* **YOUR OBJECTIVE**:
An exact copy of every entry is needed, without the pictures.

++++

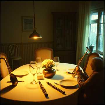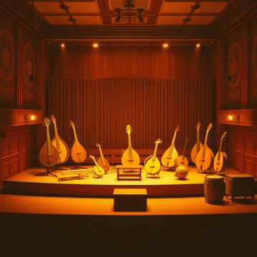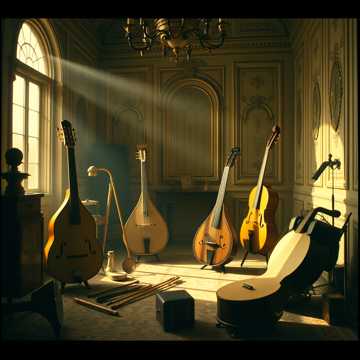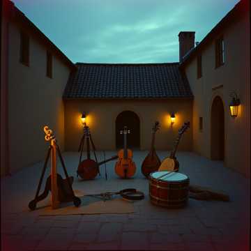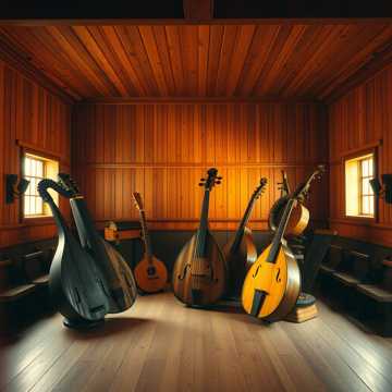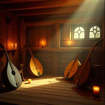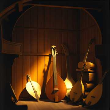 track prominently featuring classical instruments in a traditional early clan hurdy-gurdy folk bands that were made no later than that of the 16th century: Symphonia hurdy-gurdy, Lute, Flat goatskin tabors, Shawms, and other wood wind, wood percussion, and wood string instruments; each instrument can clearly be heard, production is clean and stereo image uses L/R panning
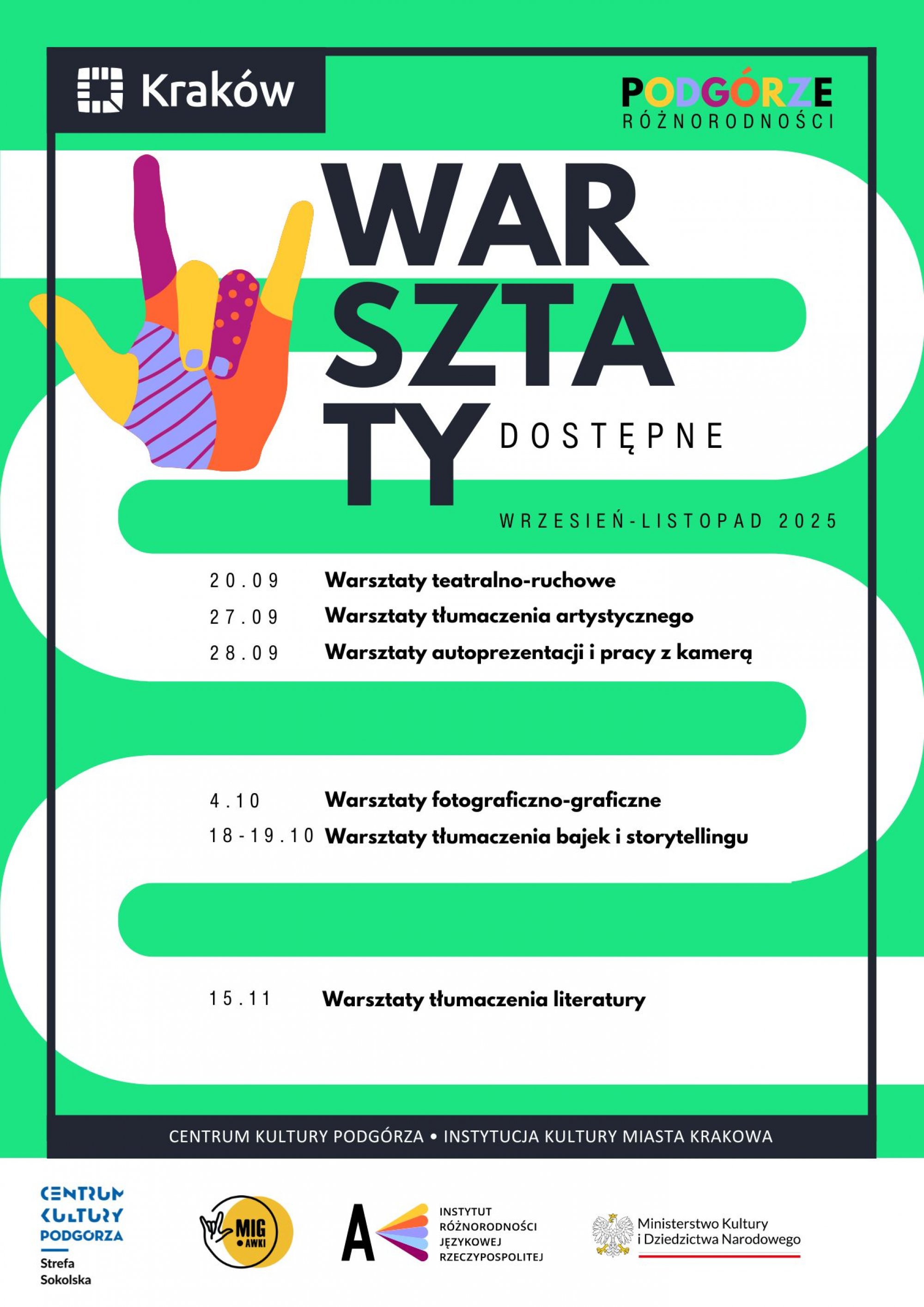 Warsztaty prowadzone będę w PJM bez tłumaczenia na język polski. Wstęp wolny.
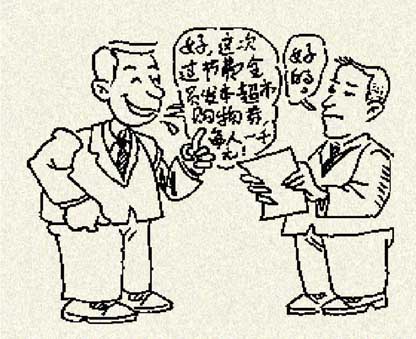 王二的理想还是破灭了。他原本希望通过这种方式花掉手上的购物券,或者说,把购物券撒到社会上去,但大部分人拿到购物券后还是很快回来超市换成东西。
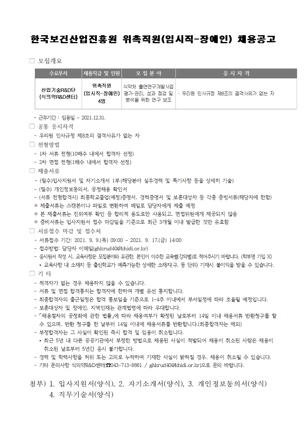 [채용] 한국보건산업진흥원 위촉직원(임시직) 채용공고(~9.15)
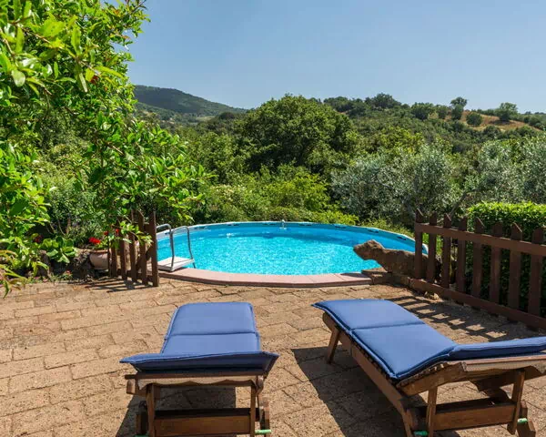 Nestled in the unspoiled countryside of Scansano, Italy, "Bardi I" is a charming and rustic holiday rental that offers an exceptional retreat for those seeking tranquility and a deep connection with nature. Positioned below the small village of Polveraia, just 1 km from its center and 14 km from the heart of Scansano, this secluded property sits within a private grounds of 700 m2, beautifully landscaped with a wildlife garden and mature trees that create a serene and immersive natural setting. The yard surrounding the property provides ample space to relax, explore, and enjoy the peaceful rural atmosphere. Guests also benefit from the convenience of roofed parking available directly at the house, ensuring a comfortable and secure stay from arrival to departure. An above-ground swimming pool with a diameter of 5 m adds a refreshing recreational dimension to the property, inviting guests to unwind during the warmer months.
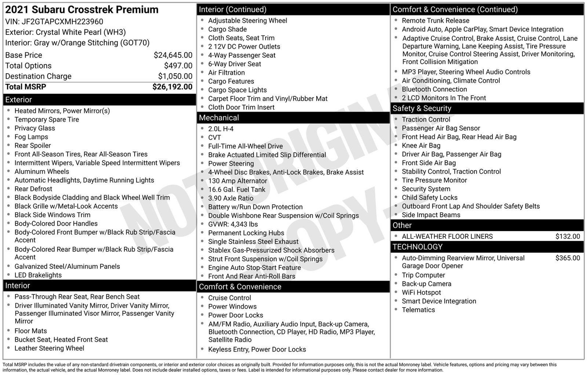 **FREE ONE YEAR MAINTENANCE!! ** 2021 Subaru Crosstrek Premium Crystal White Pearl AWD 2.0L DOHC Lineartronic CVT Recent Arrival! Odometer is 8011 miles below market average! 28/33 City/Highway MPG Come to Call us at For help with any of our departments. Awards: * ALG Residual Value Awards, Residual Value Awards https://
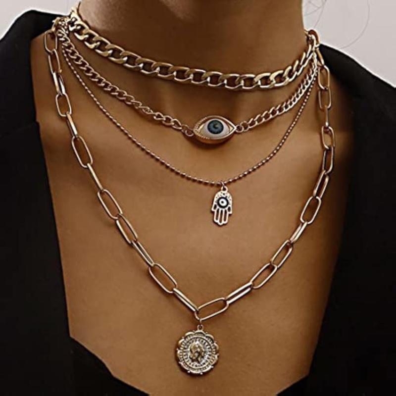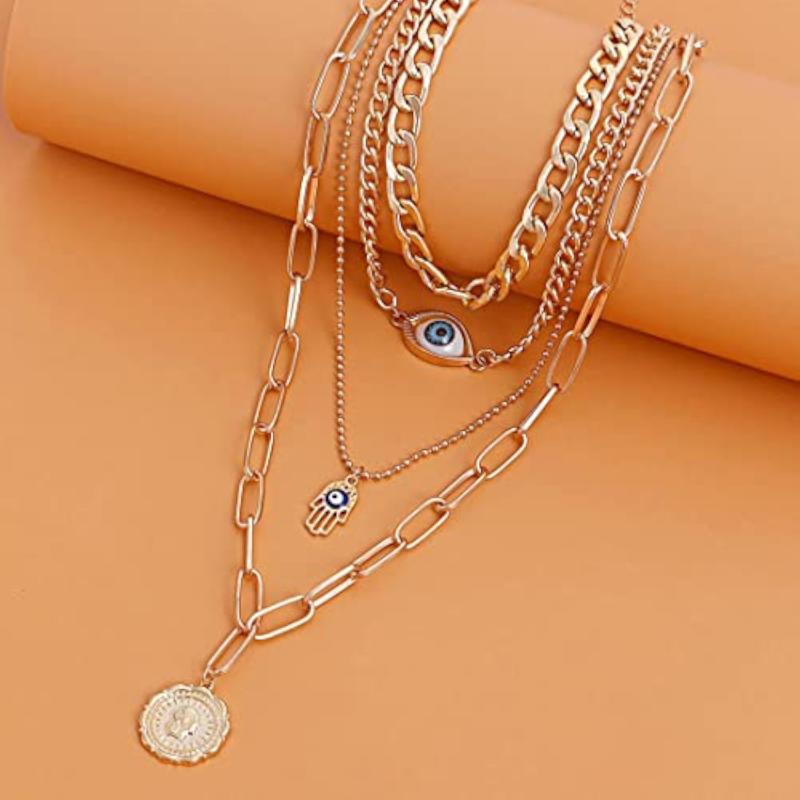 Elegant plated-toned necklace with evil eye and Buddha hand pendant. A beautiful accessory for a stylish look.
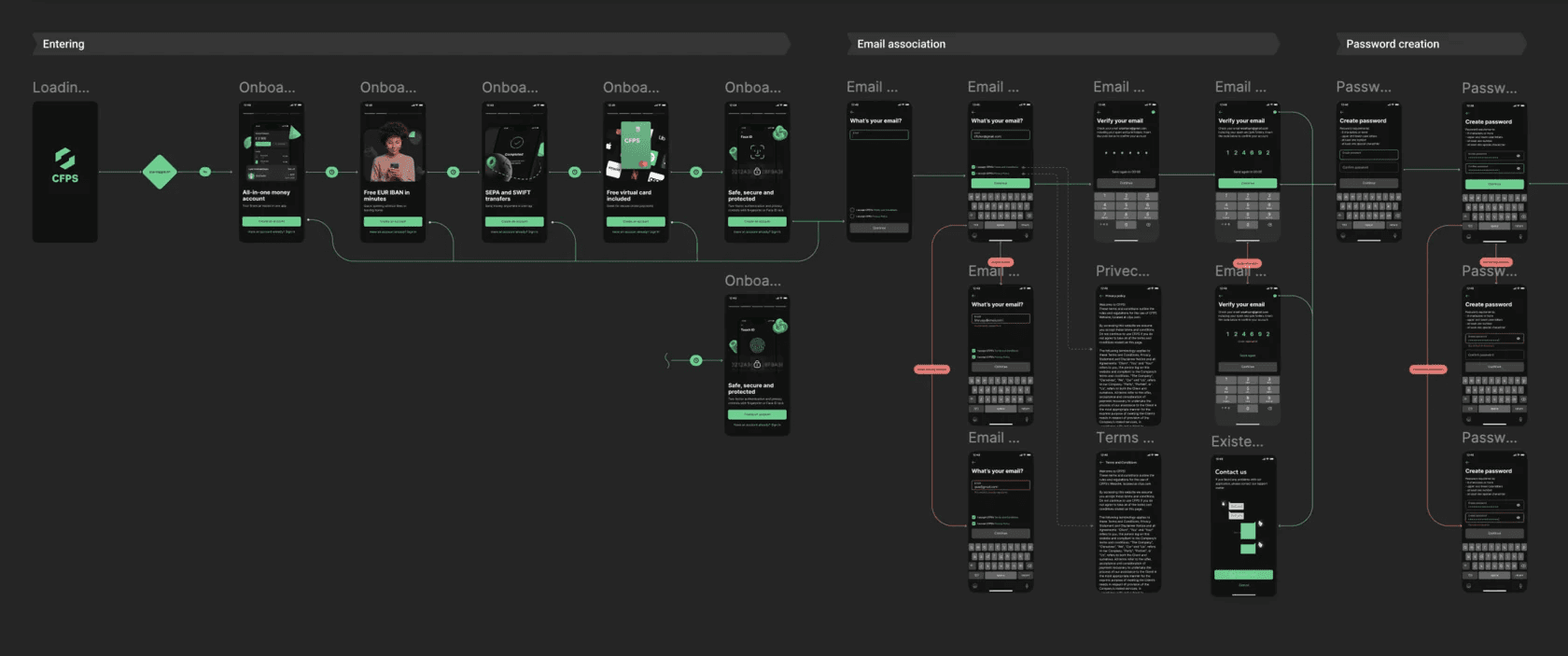 I mapped detailed user flows for critical features — account registration, KYC verification, card issuance, transfers, and transaction management — identifying decision points, error states, and regulatory requirements at each step.
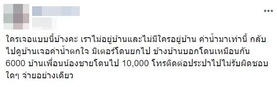 ผู้ใช้เฟซบุ๊กโพสต์ข้อความระบุว่า “ใครเจอแบบนี้บ้างคะ เราไม่อยู่บ้านและไม่มีใครอยู่บ้าน ค่าน้ำมาเท่านี้ กลับไปดูบ้านเจอค่าน้ำตกใจ มิเตอร์โดนยกไป ข้างบ้านบอกโดนเหมือนกัน 6000 บ้านเพื่อนน้องชายโดนไป 10,000 โทรติดต่อประปาไปไม่รับผิดชอบใดๆ จ่ายอย่างเดียว”

++++

* **ANSWER SECTION**:
 track prominently featuring classical instruments in a traditional early clan hurdy-gurdy folk bands that were made no later than that of the 16th century: Symphonia hurdy-gurdy, Lute, Flat goatskin tabors, Shawms, and other wood wind, wood percussion, and wood string instruments; each instrument can clearly be heard, production is clean and stereo image uses L/R panning
 Warsztaty prowadzone będę w PJM bez tłumaczenia na język polski. Wstęp wolny.
 王二的理想还是破灭了。他原本希望通过这种方式花掉手上的购物券,或者说,把购物券撒到社会上去,但大部分人拿到购物券后还是很快回来超市换成东西。
 [채용] 한국보건산업진흥원 위촉직원(임시직) 채용공고(~9.15)
 Nestled in the unspoiled countryside of Scansano, Italy, "Bardi I" is a charming and rustic holiday rental that offers an exceptional retreat for those seeking tranquility and a deep connection with nature. Positioned below the small village of Polveraia, just 1 km from its center and 14 km from the heart of Scansano, this secluded property sits within a private grounds of 700 m2, beautifully landscaped with a wildlife garden and mature trees that create a serene and immersive natural setting. The yard surrounding the property provides ample space to relax, explore, and enjoy the peaceful rural atmosphere. Guests also benefit from the convenience of roofed parking available directly at the house, ensuring a comfortable and secure stay from arrival to departure. An above-ground swimming pool with a diameter of 5 m adds a refreshing recreational dimension to the property, inviting guests to unwind during the warmer months.
 **FREE ONE YEAR MAINTENANCE!! ** 2021 Subaru Crosstrek Premium Crystal White Pearl AWD 2.0L DOHC Lineartronic CVT Recent Arrival! Odometer is 8011 miles below market average! 28/33 City/Highway MPG Come to Call us at For help with any of our departments. Awards: * ALG Residual Value Awards, Residual Value Awards https://
 Elegant plated-toned necklace with evil eye and Buddha hand pendant. A beautiful accessory for a stylish look.
 I mapped detailed user flows for critical features — account registration, KYC verification, card issuance, transfers, and transaction management — identifying decision points, error states, and regulatory requirements at each step.
 ผู้ใช้เฟซบุ๊กโพสต์ข้อความระบุว่า “ใครเจอแบบนี้บ้างคะ เราไม่อยู่บ้านและไม่มีใครอยู่บ้าน ค่าน้ำมาเท่านี้ กลับไปดูบ้านเจอค่าน้ำตกใจ มิเตอร์โดนยกไป ข้างบ้านบอกโดนเหมือนกัน 6000 บ้านเพื่อนน้องชายโดนไป 10,000 โทรติดต่อประปาไปไม่รับผิดชอบใดๆ จ่ายอย่างเดียว”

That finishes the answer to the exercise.